Nvidia Stocks received a rare downgrade on Wall Street on Friday.
NewStreet Research analyst Pierre Ferragu downgraded the artificial intelligence powerhouse’s shares from “Buy” to “Neutral” in a Friday note, arguing that the stock appears to be fully valued.
Ferragu hasn’t necessarily turned bearish on the stock. The analyst has a one- and two-year price target of $135 and $143 respectively, which represents a potential upside of 6% and 12% from current levels.
He’s simply less optimistic than he has been lately, and less optimistic than much of the rest of Wall Street.

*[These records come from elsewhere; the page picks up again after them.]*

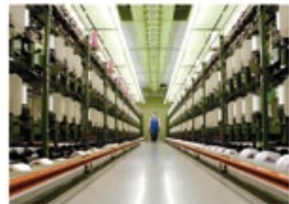
Die Auszubildenden arbeiten an modernen Maschinen mit hohem technischen Standard.

nur Arbeit, sondern auch vielfältige Perspektiven. Produktionsmechaniker Textil sorgen in der Herstellung von Garnen, gewebten Stoffen, textilen Bändern oder Verbundstoffen für einwandfrei funktionierende Produktionsanlagen sowie störungsfreie und wirtschaftliche Arbeitsabläufe. Die Ausbildung erfolgt an den Standorten Simmerberg und Illertissen. Produktveredler Textil werden ausschließlich am Standort Illertissen ausgebildet. Der Ausbildungsberuf des Industriekaufmanns wird in Weiler-Simmerberg ausgebildet. Die Auszubildenden durchlaufen während ihrer Ausbildungszeit alle kaufmännischen Abteilungen.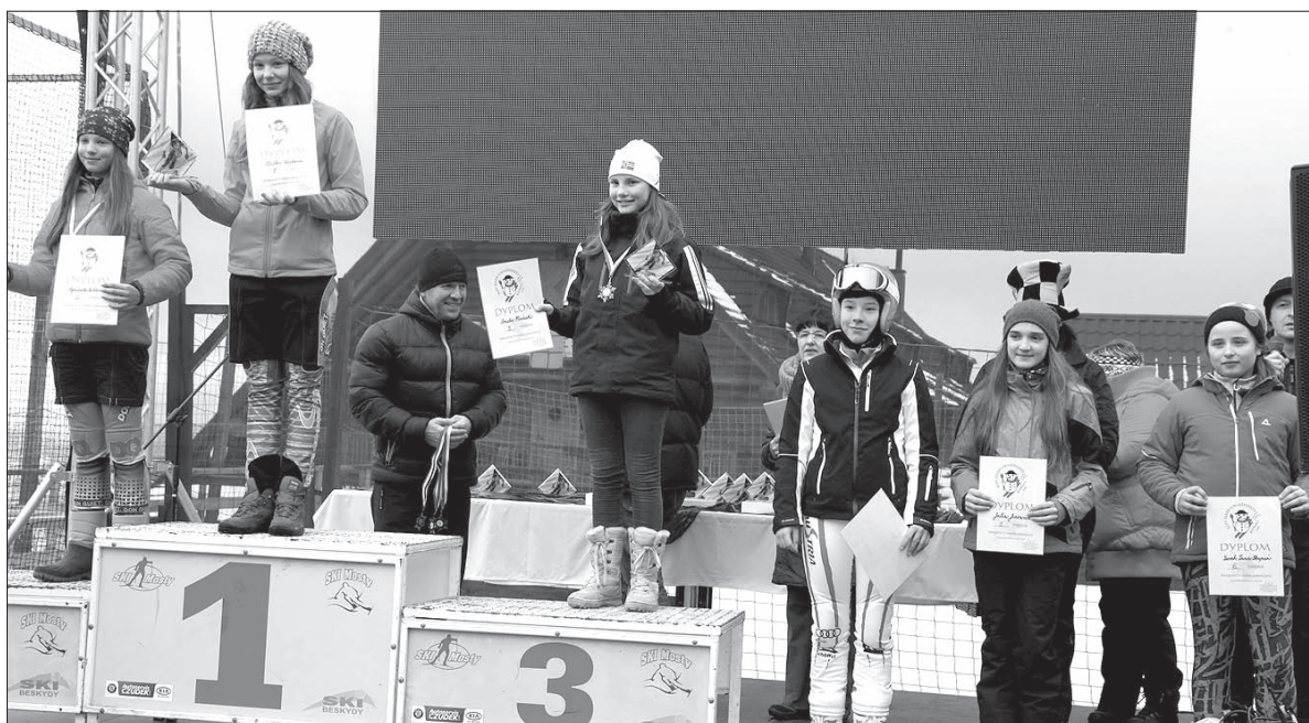
Na podium dziewczyny w kategorii klas 6-7.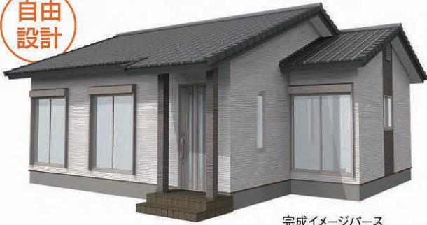
完成イメージパース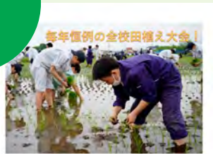
生徒たちは仲間と協力しながら、稲気あいといと苗の植え付けの正確さを競います。優勝賞品は、食品科学科が製造したりんごジュース！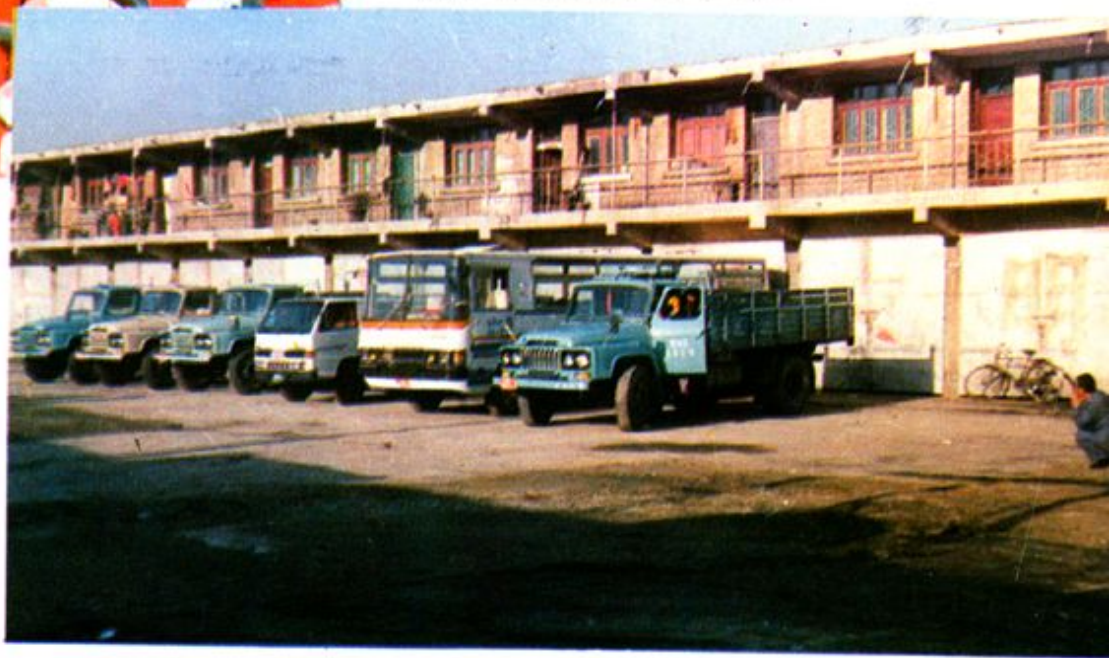
青海省百货公司汽车队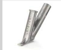
Speed welding nozzle *, triangular shaped, 5.7 mm 7 mm Article No: 106.992 106.993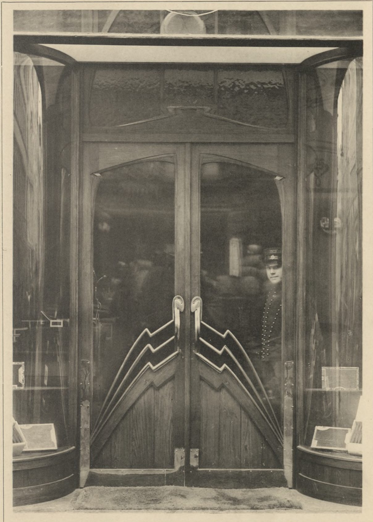
Entwurf und Ausführung: H. Van der Velde, Brüssel.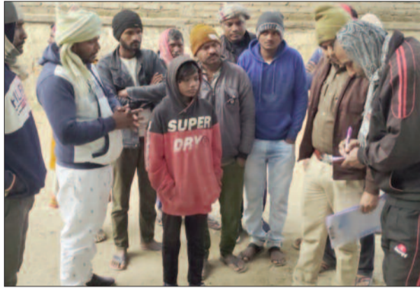
घटना की जानकारी लेते पुलिस कर्मी व मौजूद ग्रामीण

जिले नवादा थाना क्षेत्र के बहिरो में शुक्रवार की रात एक युवक की लाठी-डंडे से पीट-पीट कर हत्या कर दी गयी। उसका शव शनिवार की सुबह शव बहिरो लख नंबर 11 छठिया नहर के पास ओवरब्रिज के पीछे से बरामद किया गया। उसके शरीर पर कई जगह जखम के निशान मिले हैं। उसके कारण लाठी-डंडों से पीटकर हत्या करने का अंदेश लगाया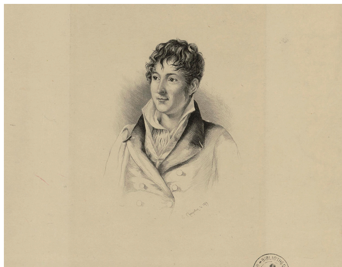
Jacques-Joseph Champollion-Figeac, gravure, 1879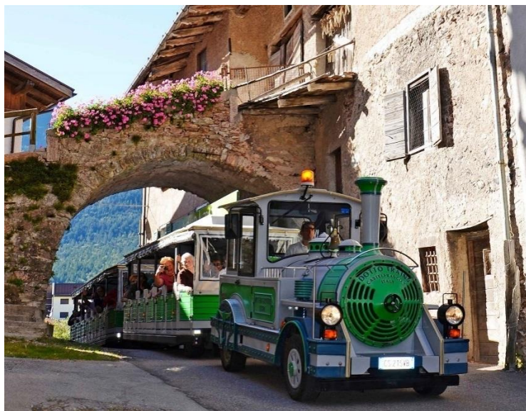
Εικόνα 5B.1 Τροχοφόρο τρένο

Η προτεινόμενη επένδυση αναφέρεται στην αγορά και δρομολόγηση δύο τροχοφόρων τρένων στους δημαρχούμενους Δήμους της Πάφου και Γεροσκήπου για την μεταφορά με άνεση και ασφάλεια καθώς και την ποιοτική και αναβαθμισμένη ξενάγηση που θα πραγματοποιείται με πιστοποιημένους και έμπειρους ξεναγούς στους επισκέπτες /τουρίστες και όχι μόνο.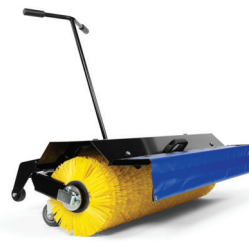
ROTAČNÍ KARTÁČ 587 02 47-01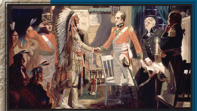
9) Brock rencontre Tecumseh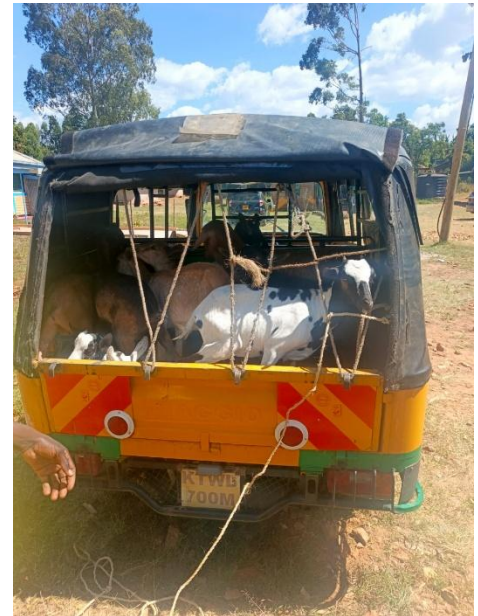
Dann kurz vor der Verteilung der Gewinne traf der erste von vielen Transportern mit den Ziegen ein.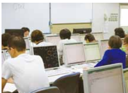
図1：9月1日(日) Excel講座の様子

Excel講座は2019年9月1日(日)の9:00～16:00に行い、参加者は26名でした(一般の方のみ)。この講座では、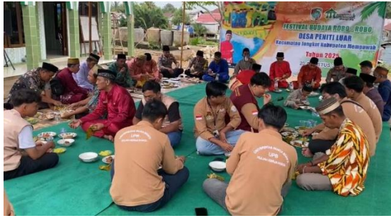
Gambar 8. Panitia Lomba Hut RI, Gotong Royong, Acara Robo-robo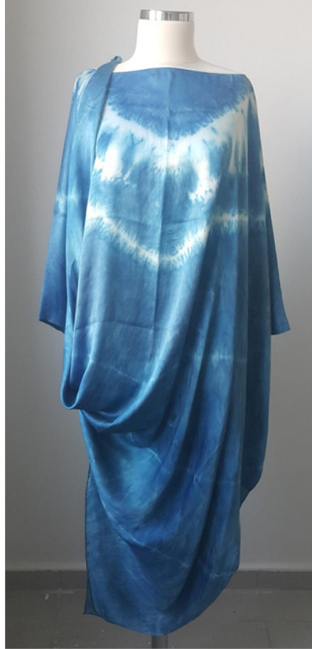
Menekşe Suzan TEKER “İsimsiz” Bağlama Boyama Tekniği ile Desenlendirilmiş ve Doğal Boya (indigoferatinctoria) ile Boyanmıştır, 100 x 150 cm, 2016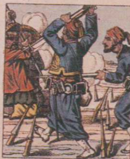
CHARGE A LA BAIONNETTE Les Turcos à l'attaque des postes avancés aux abords de Son-Tay.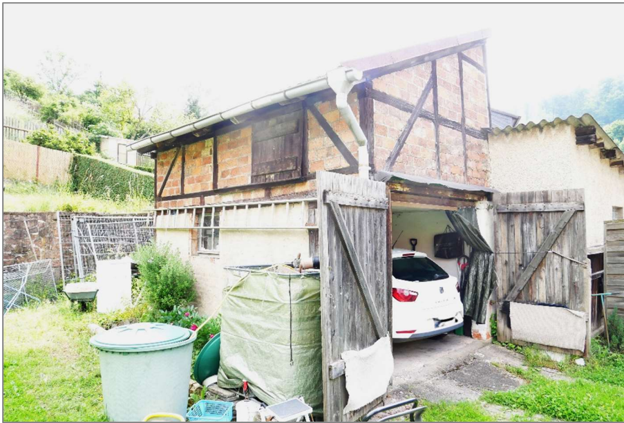
Nebengebäude - Nordwestansicht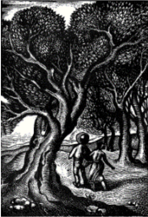
Εικόνα 21: Τάσος Α., Ελιές και Ζευγάρι , 1944. Ξυλογραφία (όρθιο ξύλο), διαστάσεις έργου 18,2 χ 12,7 εκ. (πηγή: Γρηγοράκης, Ν. (2004). Η ελιά στη Νεοελληνική Χαρακτική , σ. 89. Μεσσήνη: Δήμος Μεσσήνης, Μουσείο Χαρακτικής Τάκη Κατσουλίδη, Εκδόσεις Αδάμ – Πέργαμος).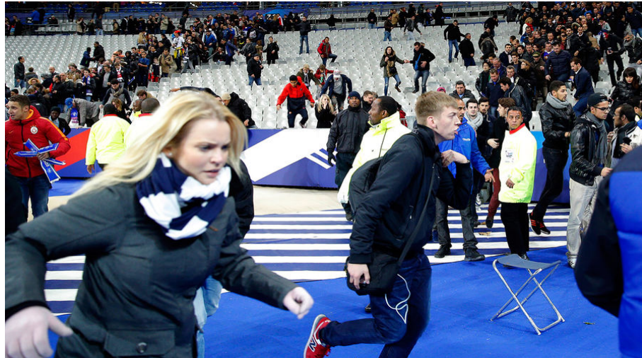
Рис.5. Зрители после террористической атаки на стадионе «Стад де Франс»

Первое, что обращает на себя внимание, – синхронность терактов. Все расстрелы и взрывы произошли менее чем за час, точнее, в течение примерно 37 минут: первый взрыв произошёл в 21:16 у стадиона «Stade de France» (рис. 5), там же прогремел и последний в 21:53 – через три минуты после начала нападения на театр «Bataclan».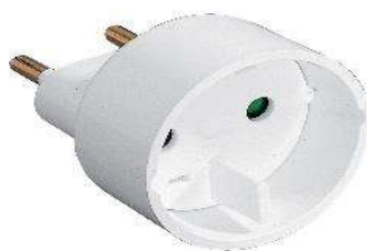
ADAPTATEUR 16A 4,8MM/6A 4MM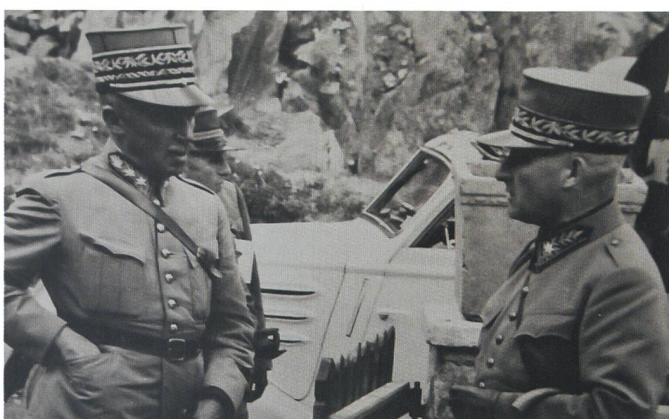
General Guisan inspiziert im Zweiten Weltkrieg das Reduit.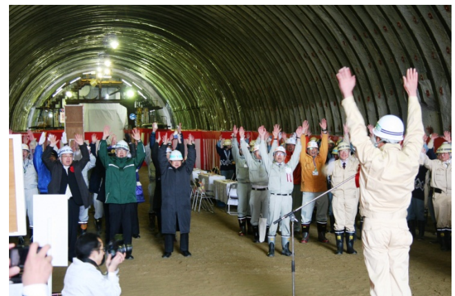
▲出席者一同による万歳三唱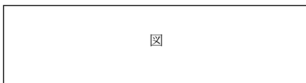
図1 図題はセンタリング

図題は、図の下に付ける。図題には、通し番号を付ける。「図1」のように、図題はゴシック、図番はArialである。たとえ原稿中に図が一つしかなくても、「図1」となる。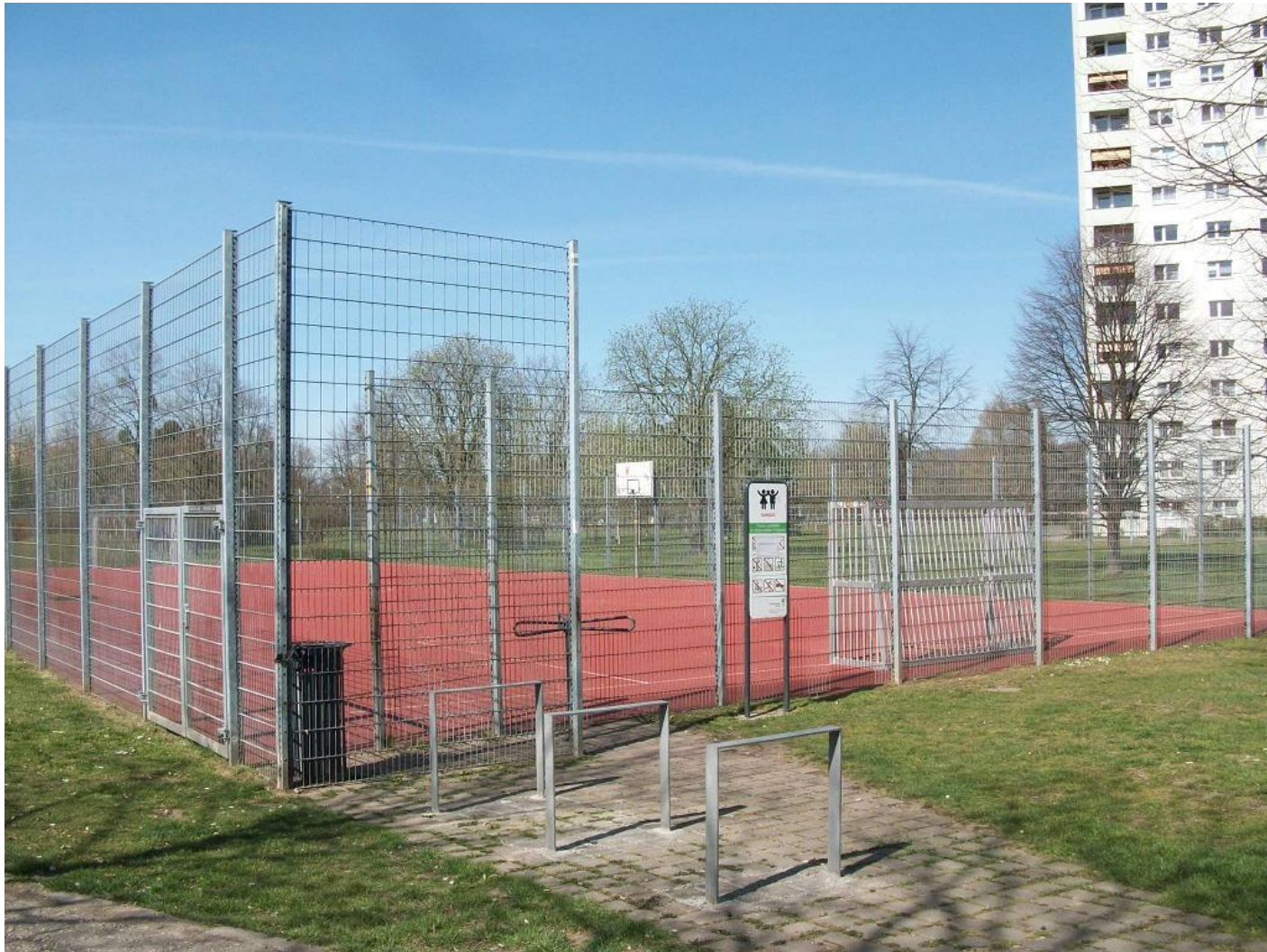
Sportplatz – kein Training auf dem Sportplatz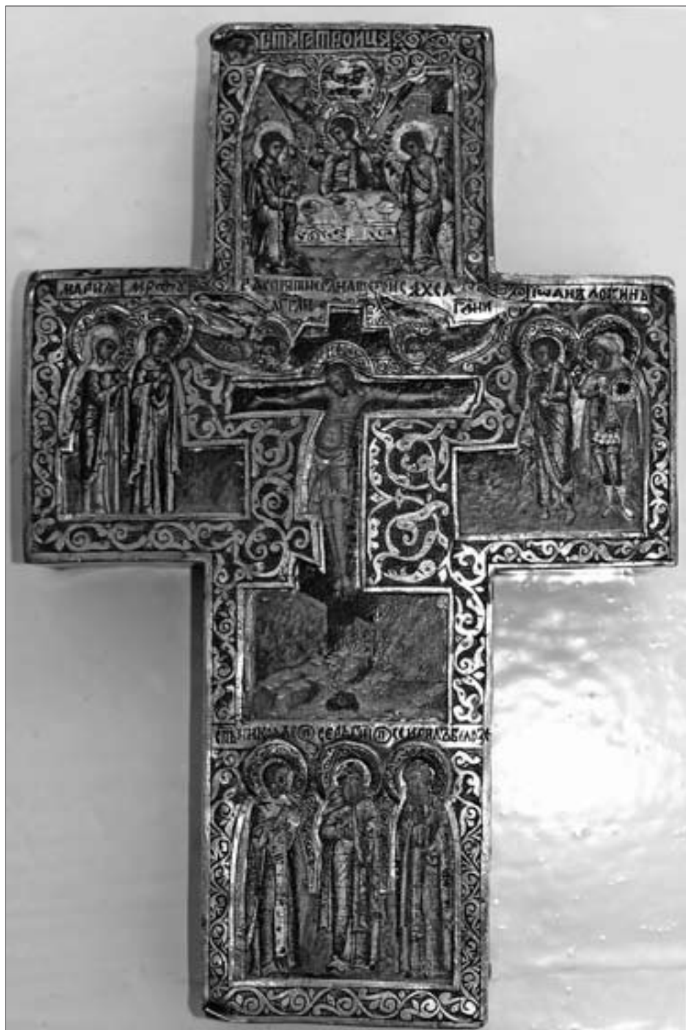
Ил. 10. Крест четырехконечный в серебряном окладе. Начало XVII в. (КБМЗ)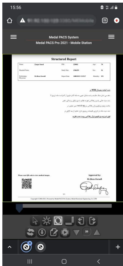
شکل ۴: صفحه گزارشات

۶) پس از فشردن دکمه گزارشات، صفحه گزارش مطابق با شکل ۴ نشان داده می شود: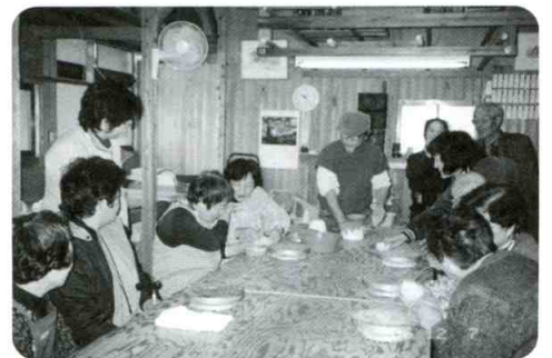
音声訳ボランティアグループ「ヴォイスあろう」とリスナーとの交流会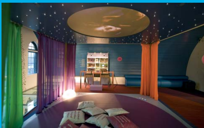
Slaapkamer Jhm Kindermuseum.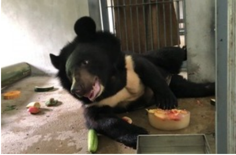
Un ancien ours à bile sauvé.

Diese Meldung kann unter https://www.presseportal.ch/fr/pm/100004691/100872879 abgerufen werden.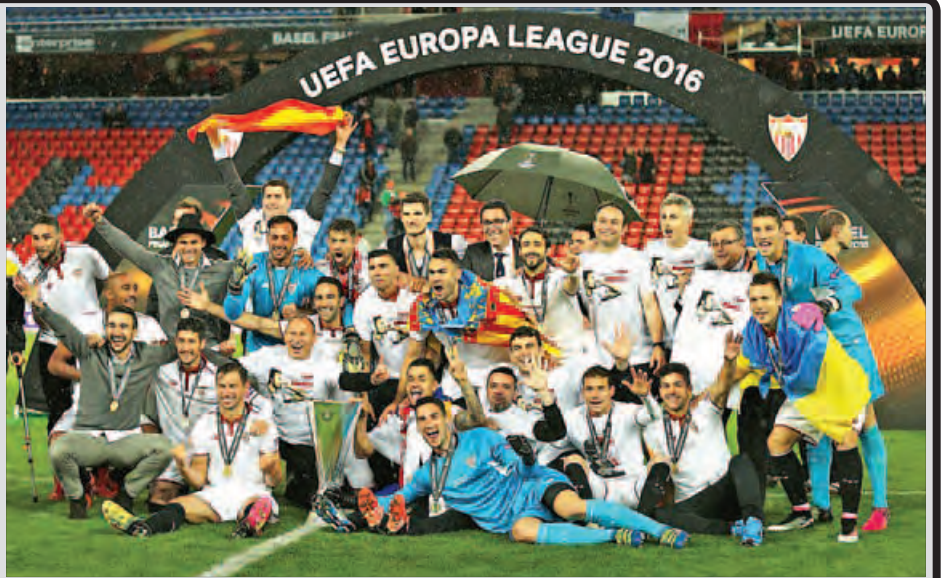
ကစားခဲ့ရာတွင် တစ်ဖက်တစ်ဂိုးစီ သရေရလဒ်ထွက်ပေါ်ခဲ့ခြင်းကြောင့် ပင်နယ်တီအဆုံးအဖြတ်ခံယူခဲ့ရာတွင် မန်စီးတီးအသင်းကို ရှုံးနိမ့်ခဲ့ရသည်။ ထို့ပြင် ယခုယူရိုပါလိဂ်နောက်ဆုံးပိုလ်လုပွဲတွင် ဆီဗီလာအသင်းအား သုံးဂိုး-တစ်ဂိုးဖြင့် ထပ်မံရှုံးနိမ့်ခဲ့ခြင်းဖြစ်သည်။ ဆီဗီလာအသင်းမှာ ဥရောပဖလား၊ ယူရိုပါလိဂ်ဖလား နောက်ဆုံး ၁၁ ကြိမ်အထိ ပိုလ်လုပွဲအထိ တက်လှမ်းနိုင်ခဲ့ရာတွင် ငါးကြိမ်အထိ ဖလားဆွတ်ခူးထားနိုင်ခဲ့သည့်အသင်းလည်းဖြစ်လာခဲ့သည်။ (ဧကွယ်)

လက်ရှိလီဗာပူးအသင်းနည်းပြဖြစ်လာချိန်တွင်လည်း ကတိဝိတယ်ဝမ်းဖလားပြိုင်ပွဲနောက်ဆုံးပိုလ်လုပွဲတွင် မန်စီးတီးအသင်းနှင့် လီဗာပူးအသင်းတို့ယှဉ်ပြိုင်

“We see limited further benefit based on what we’re hearing from the value chain,” Ferragu said. “We are downgrading the stock to Neutral today as the uptrend will only materialize in a bull case, where the outlook improves significantly beyond 2025, and we are not yet confident that this scenario will play out.”
Ferragu said that while Nvidia still has the strongest AI franchise among its peers, a “more cautious view on the stock” is necessary after this year’s 157% rally.
“The quality of the franchise is nevertheless intact and we would be buyers again, but only in the event of prolonged weakness,” Ferragu said.
Gloomy views on Nvidia are rare among Wall Street analysts, with 89% of the 72 analysts covering the company rating the stock a Buy, according to Bloomberg data.
Ferragu’s price target of $135 is in line with the stock’s 12-month average price target of $134.77.
On the more bullish side, some expect Nvidia’s meteoric rise to continue, as one analyst predicts the stock will nearly double to a $6 trillion valuation by the end of the year.